Below we show the Weak, Strong, Typed Weak and Typed Strong summaries of a 10 million triples BSBM benchmark graph (not saturated). BSBM models data about products which are for sale from different vendors; products are characterized by product features, and they have reviews, written by reviewers. In the BSBM benchmark scenario, products, reviews (and with them, the reviewers) are published by (originate from) different rating sites; publisher information remains attached to these resources, to state where they come from.
The Weak summary collapses all nodes into one. Many nodes are considered equivalent because they have the outgoing property publisher, which, in turn, makes other (quite unrelated) properties equivalent (part of the same source clique).
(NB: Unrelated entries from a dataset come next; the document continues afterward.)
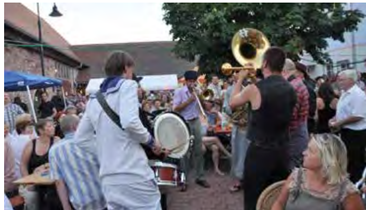
„Häfner Open“ vor der Kelterscheune in Urberach
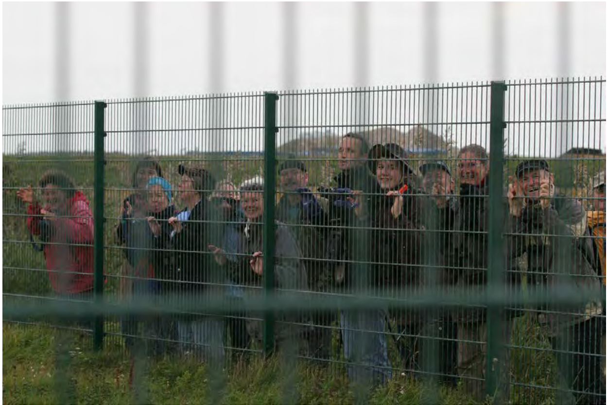
Aus dem Blickwinkel der Gebirgsstelzen an der Kläranlage am Rantumbecken 11.10.2009
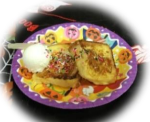
おやつにぴったりのフレンチトースト
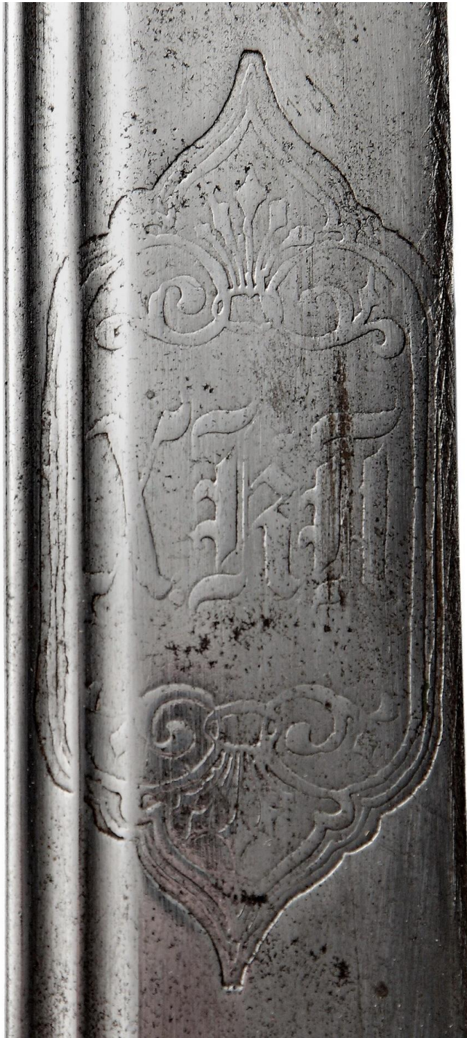
Илл. 2. Шашка с ножами. Кутаисская губерния (клинок - Златоуст), конец XIX века. Частная коллекция. Картуш с полковой аббревиатурой.
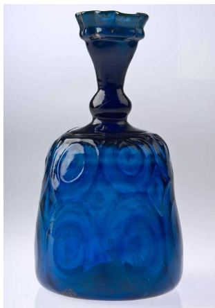
تصویر ۱۳: تنگ زنگوله‌ای با تزئین قالبی و نقوش مدور، ایران، شماره ثبتی: GL.521 (www.Islamicartsmagazine.com)

به کارگیری قالب برای ایجاد نقوش و تزئینات روی بدنه تولیدات شیشه‌گری اسلامی در حالت گرم مشاهده می‌شود. آثار ارزشمند و بی‌بدیلی که با این شیوه ساخته شده‌اند از بیش‌ترین تنوع و فراوانی در بین شیشه‌های اسلامی برخوردار هستند. «استفاده از قالب برای ایجاد نقش روی بدنه ظرف در حالتی که گوی شیشه هنوز فرم نهایی را به خود نگرفته است، از ابداعات شیشه‌گری اسلامی در ایران و عراق و سوریه محسوب می‌شود. در این روش، به دلیل گرم‌نمودن مجدد شیشه پس از فشردن در قالب، نقوش روی آثار بزرگ‌تر شده و در مواردی از قرینگی و نظم خارج می‌شوند. متداول‌ترین نقوش در قالب‌ها اشکال هندسی متحدالمرکز با یک دایره در مرکز (اصطلاحاً اومفالوس ۴ )، نقوش گیاهی و گل‌های بزرگ متشکل از چند گلبرگ و ایجاد خطوط موج‌دار است. در مواردی نیز نقش طاووس و الگوی لانه‌زنبوری در تولیدات شیشه مشاهده می‌شود» (Ibid, 64) (تصویر ۱۳).
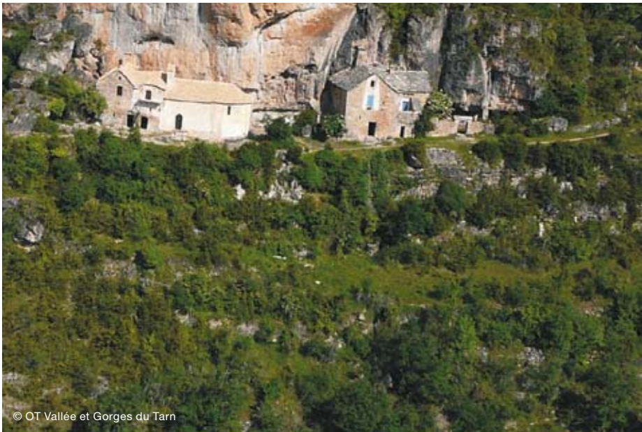
Le site de Saint-Marcellin.
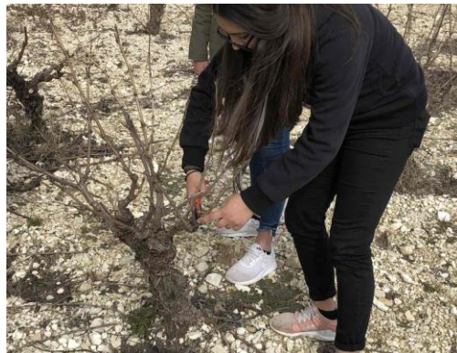
ΚΛΑΔΕΜΑ ΔΙΑΦΟΡΕΤΙΚΑ ΣΧΗΜΑΤΑ ΑΝΑΛΟΓΩΣ ΑΜΠΕΛΩΝΑ
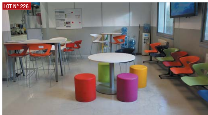
LOT N° 226
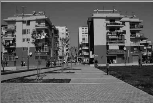
Riqualificazione di un quartiere comunista
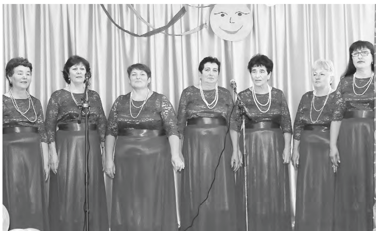
Выступает женская вокальная группа «Грустиночка».

Основа бригады – 11 самодеятельных артистов из Веселоярска, по большей части пенсионеры. С собой частенько приглашают коллег из других сельских домов культуры. И репертуар получается разнообразнее, и артистам в радость
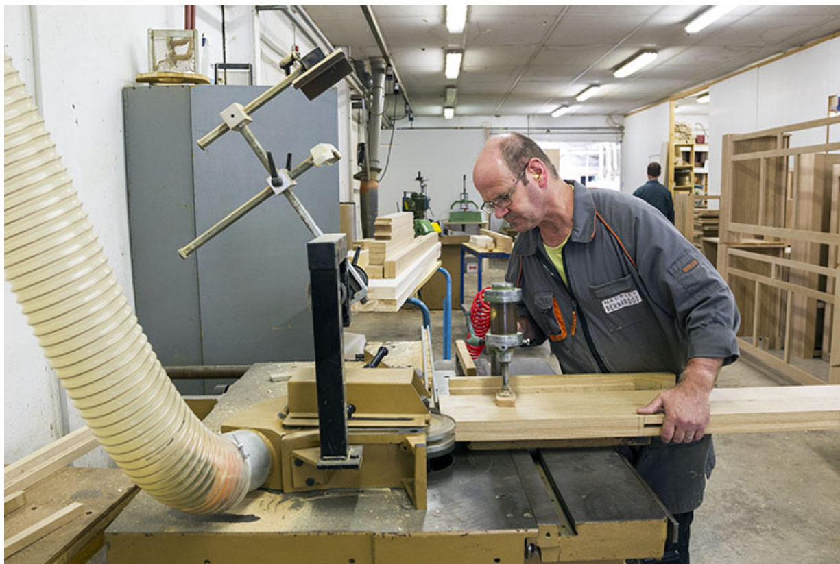
Atelier de 1990 : tenonneuse.
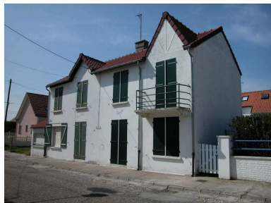
Vue d'ensemble. IVR22_20058002817NUCA
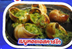
เมนูหอยแอสคาร์โท
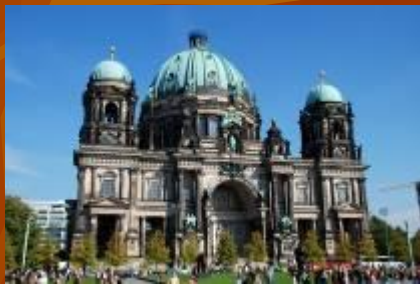
в городе "Берлин"
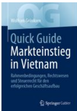
Quick Guide Markteinstieg in Vietnam Ladenpreis: 25,69EUR
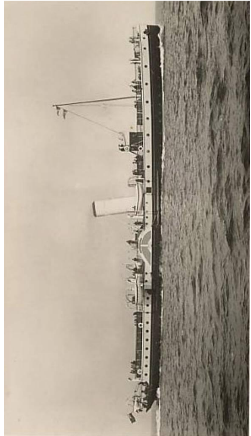
Ferry de Kansk
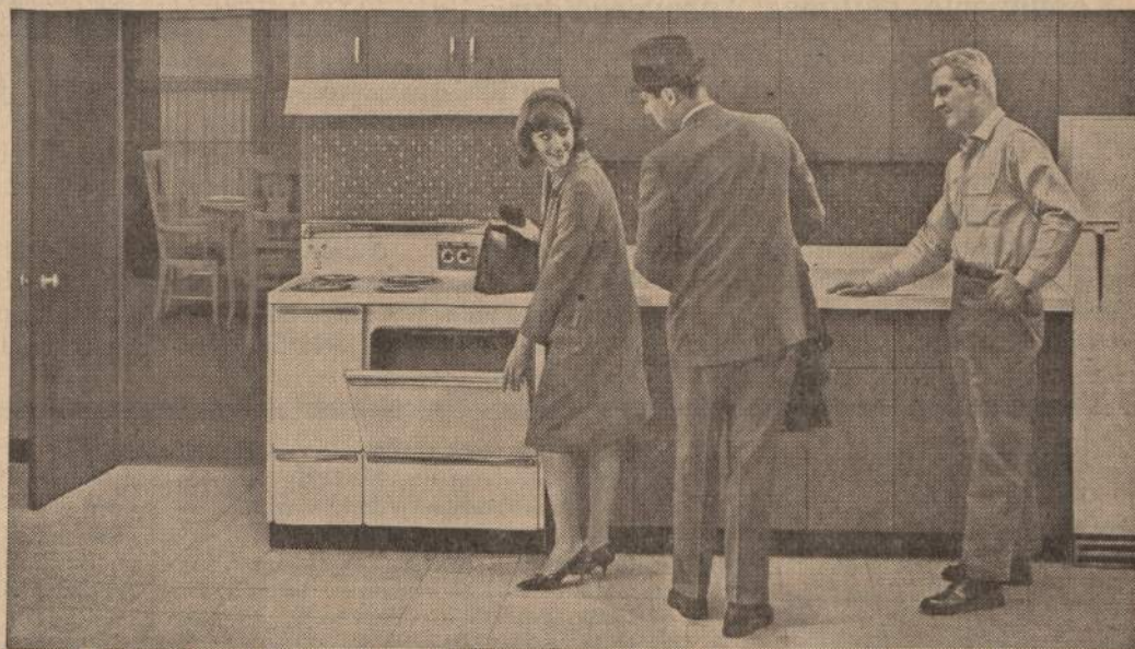
Some of the new features of today's electric ranges: Easy to clean ovens • Eye-level design • Automatic self-cleaning surface units • Full capacity conveniences outlets • Rotisserie • Automatic roast thermometer • Programmed cooking • High Speed Surface Cooking • Instant High Speed Broiling

Now-get the wiring free when you install new electric ranges
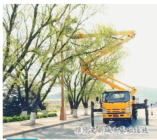
推进城市基础设施。
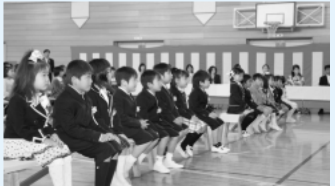
米沢小学校(16名入学)

希望に胸をふくらませ、新しい生活をスタートさせた新入生のみなさん、勉強に、運動にそして友だちと充実した学校生活を送ってください。
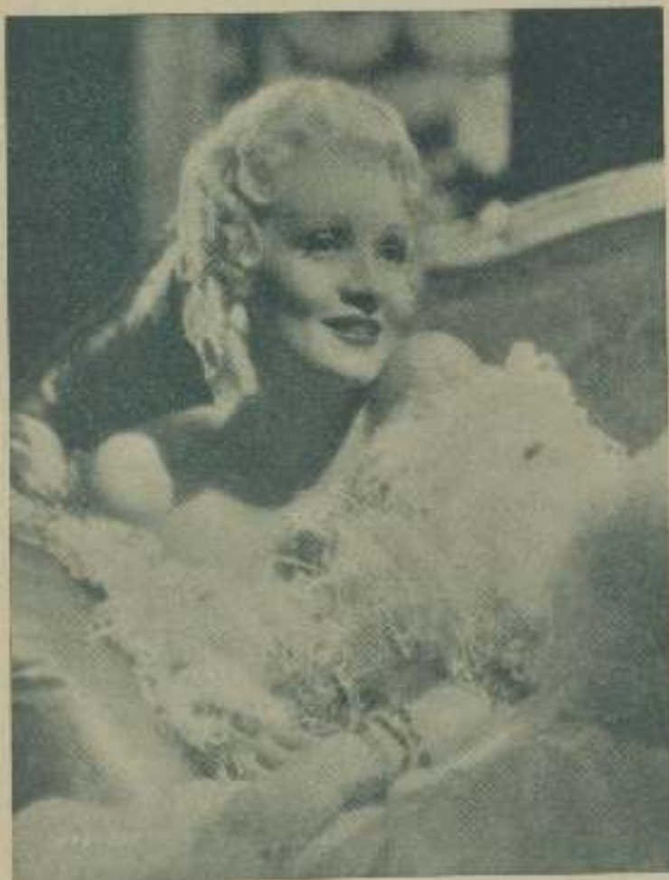
"Capriccio Imperial" última de las películas interpretadas por MARLENE DIETRICH que hace gala una vez más de su talento artístico

Así es Marlene Dietrich. A pesar de su reconocido prestigio, es una mujer de una modestia incomparable. Se debe a su público y por su parte, busca todos los motivos para satisfacerle ya que sabe que a nadie más que a él se debe consagrar una artista.
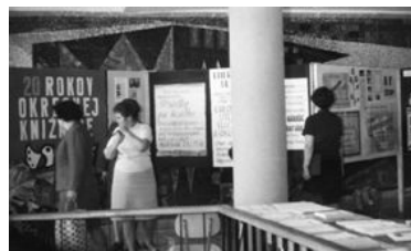
Pohľad na výstavu pri príležitosti 20. výročia založenia knižnice.
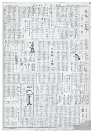
(上)歴代公民館報 題字の変遷
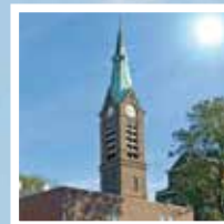
Willibrord, H. Lucaskerk
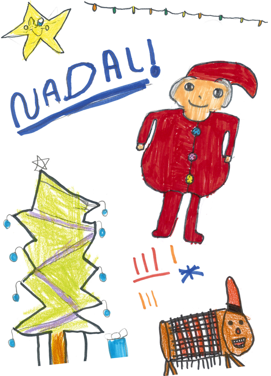
Dibuixos de l'alumnat de 3r de l'Escola FEDAC Sant Narcís.
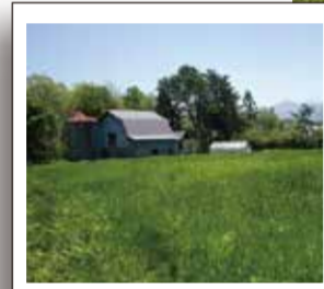
初めてなのに 懐かしくなる景色。
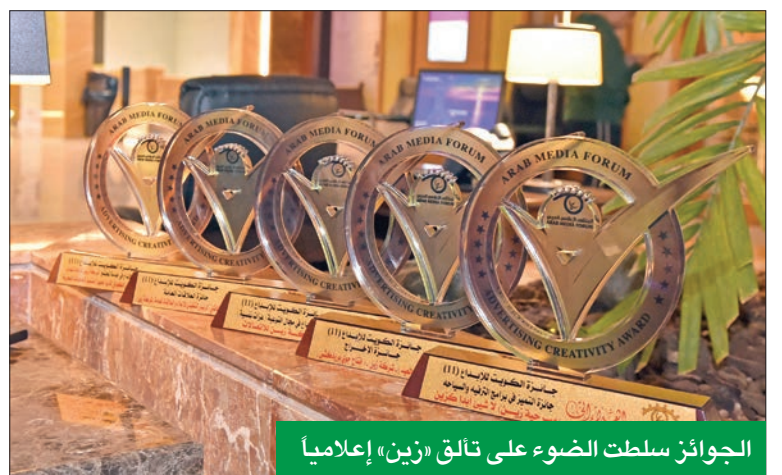
الجوائز سلطت الضوء على تالق «زين» إعلامياً

التي عودت جمهورها عليه كل عام، وعلى حرصها لتفعيل هذا الجانب لديها، كونها من كبريات المؤسسات الاقتصادية الرائدة في الكويت، حيث تؤمن الشركة بأهمية الإعلام بوسائله التقليدية والحديثة وتأثيره الكبير على المؤسسات والأفراد في المجتمع، إضافة إلى كون الإعلان التجاري وسيلة أساسية للتواصل مع المجتمع بمختلف فئاته. وشهدت الجائزة السنوية - التي تُنظّمها هيئة الملتقى الإعلامي العربي بالتعاون مع الجمعية الكويتية للإعلام والاتصال وأكاديمية الإعلام المتكامل - وجود العديد من الجهات الإعلامية والشخصيات الإبداعية في المجالات الإعلامية والإعلانية، والفنية على المستويين المحلي والإقليمي، وعدد كبير من كبار الفنانين الكويتيين
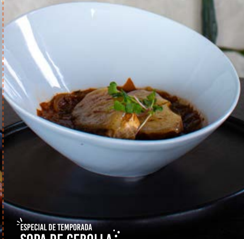
ESPECIAL DE TEMPORADA SOPA DE CEBOLLA Q. 50
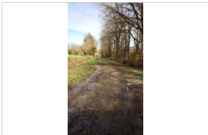
Laisse d'inondation sur le chemin
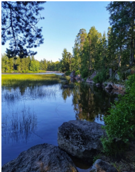
В парке Монрепо

на домах в стиле северный модерн, уютные балкончики, мощёные улочки, небольшие скульптуры. Именно они делают Выборг таким самобытным. Это не тот город, который можно пробежать за пару часов. Выборг – это про атмосферу, про выпить кофе с выборгским кренделем, полюбоваться городом со смотровой площадки башни Святого Олафа, посидеть на лавочке в парке Монрепо, созерцая кувшинки в пруду.
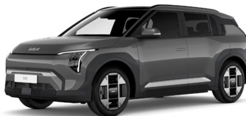
Shale grey (EBD)
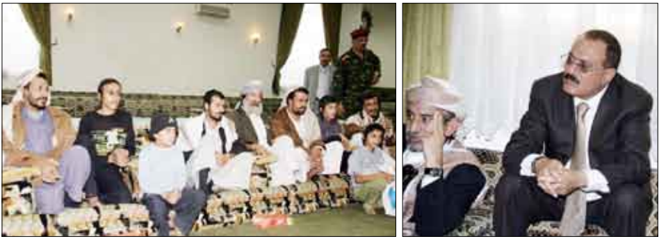
رئيس الجمهورية يتفقد أحوال الأسر اليهودية اليمنية النازحة من منطقة آل سالم بصعدة

وقد عبرت تلك الأسر عن تقديرها وامتنانها لفخامة الرئيس لما تحظى به من الرعاية والأمان بعد الاعتداءات والتهديدات العنصرية التي مورست ضدها من قبل عناصر فتنة الإرهاب والتخريب التابعة للحوثي والتي سلبتهم حقوقهم وممتلكاتهم وأجبرتهم تحت التهديد على النزوح وترك منطقتهم في آل سالم التي عاشوا فيها جيلاً بعد جيل ولحقب زمنية طويلة جنباً إلى جنب مع إخوانهم المواطنين في المنطقة بسلام وأمان وتآلف حتى جاءت هذه العصابة الإجرامية العنصرية الممتطفة ومراسمت ضدهم كل أشكال الاضطهاد والانتهاكات الانسانية التي تخالف الدين والأعراف والتقاليد والقيم الأصيلة للشعب اليمني.
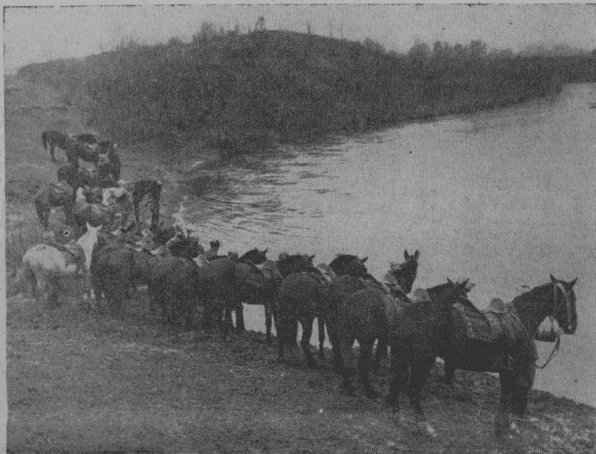
Казачи-добровольцы привели своих коней на водопой.
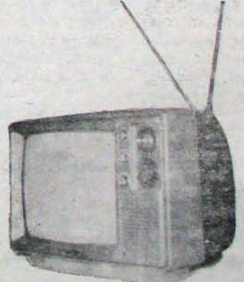
BALAJEE Monomax-14 Portable B. W.

Also B & W 20" Sets with and without Shutters with Competitive Price & Effective After Sales Service. Ready Stocks available. For other Trade Enquires, Please Contact SALES MANAGER, Registered Office
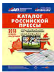
«Каталог российской прессы» 99560
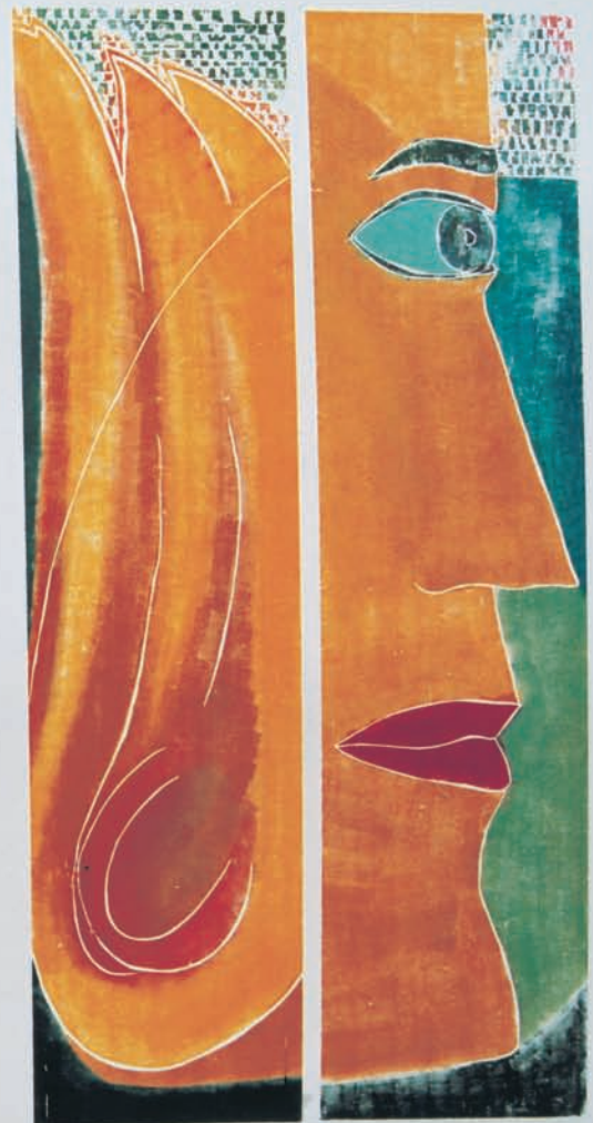
„WeltallOhr“, Farbholzschnitt, 240 x 120 cm
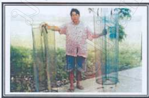
รอบดักกุ้ง
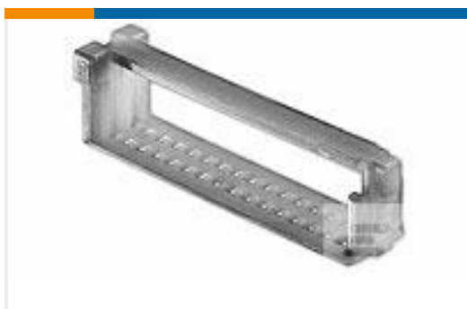
TE 产品编号2-353294-6 AMP MINI D/R HDR HSG 26P NATU
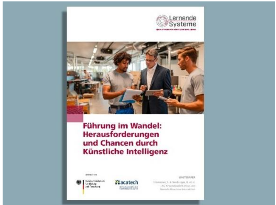
Abbildung: Titelblatt des Whitepaper „Führung im Wandel: Herausforderungen und Chancen durch Künstliche Intelligenz“

KI und Führung lassen sich gut ergänzen und können für eine moderne, menschenzentrierte Führung einen wichtigen Beitrag leisten. Voraussetzung ist eine angemessene Gestaltung der KI-Systeme. Welche Maßnahmen dabei
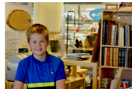
Ungur sjálfboðaliði á Basarnum

Basarinn er ekki einungis nytjamarkaður heldur einnig starfsstöð þar sem sjálfboðaliðar og starfsmenn komast í samband við fólk, kynna starfið, spjalla við það, veitir sálgæslu og fyrirbæn og fólki er boðið að taka þátt í starfi Kristniboðssambandsins. Basarinn heldur úti Facebook síðu sem tæplega nítján hundrað manns hafa merkt við sem ánægjuefni. Salan í Basarnum jókst aðeins í fyrra miðað við árið á undan.
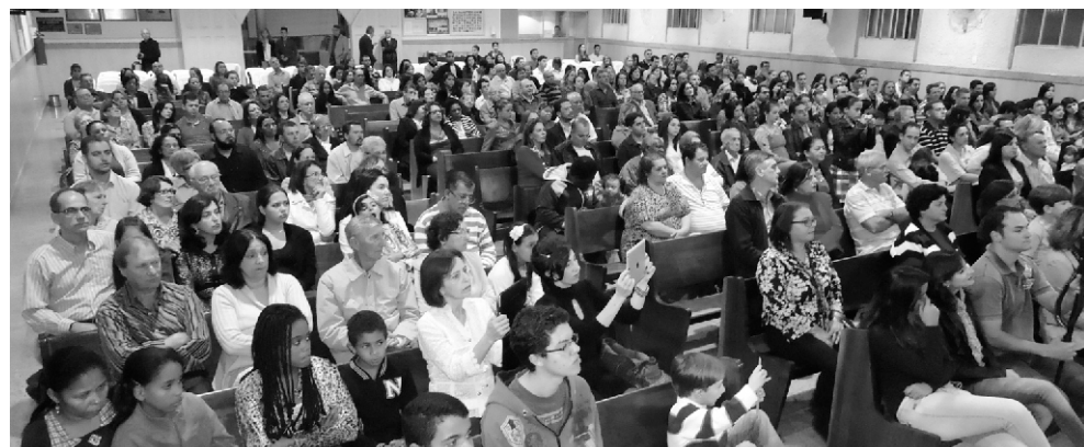
Participantes do Culto a noite

The Strong summary achieves a much more readable separation. The central node and the upper node mostly represent products. The upper node also represents Offers and Reviews; the central node only represents Products. Strong summarization sets them apart because Offers and Reviews (upper node) refer to products (lower node). Thus, BSBM graph nodes represented by these two nodes are separated into the sources (top) and targets (center) of the edges labeled “product” (connecting Offers to the Product) and “reviewFor” (connecting Reviews to the Products they are about).
The small node at the left represents the people who wrote product reviews; the node at the bottom groups vendors and producers, which are those that produced and published product information; the node at the bottom right represents all the product features.
Our TypedWeak, TypedStrong summaries can only be meaningful thanks to our technique of finding the most general types. Summarizing by giving priority to types, without generalizing them, leads to huge numbers of nodes and edges; the summary cannot be rendered nor is it comprehensible for humans.
Summaries based on bisimulation had even more nodes and edges; they cannot be meaningfully rendered in the same way.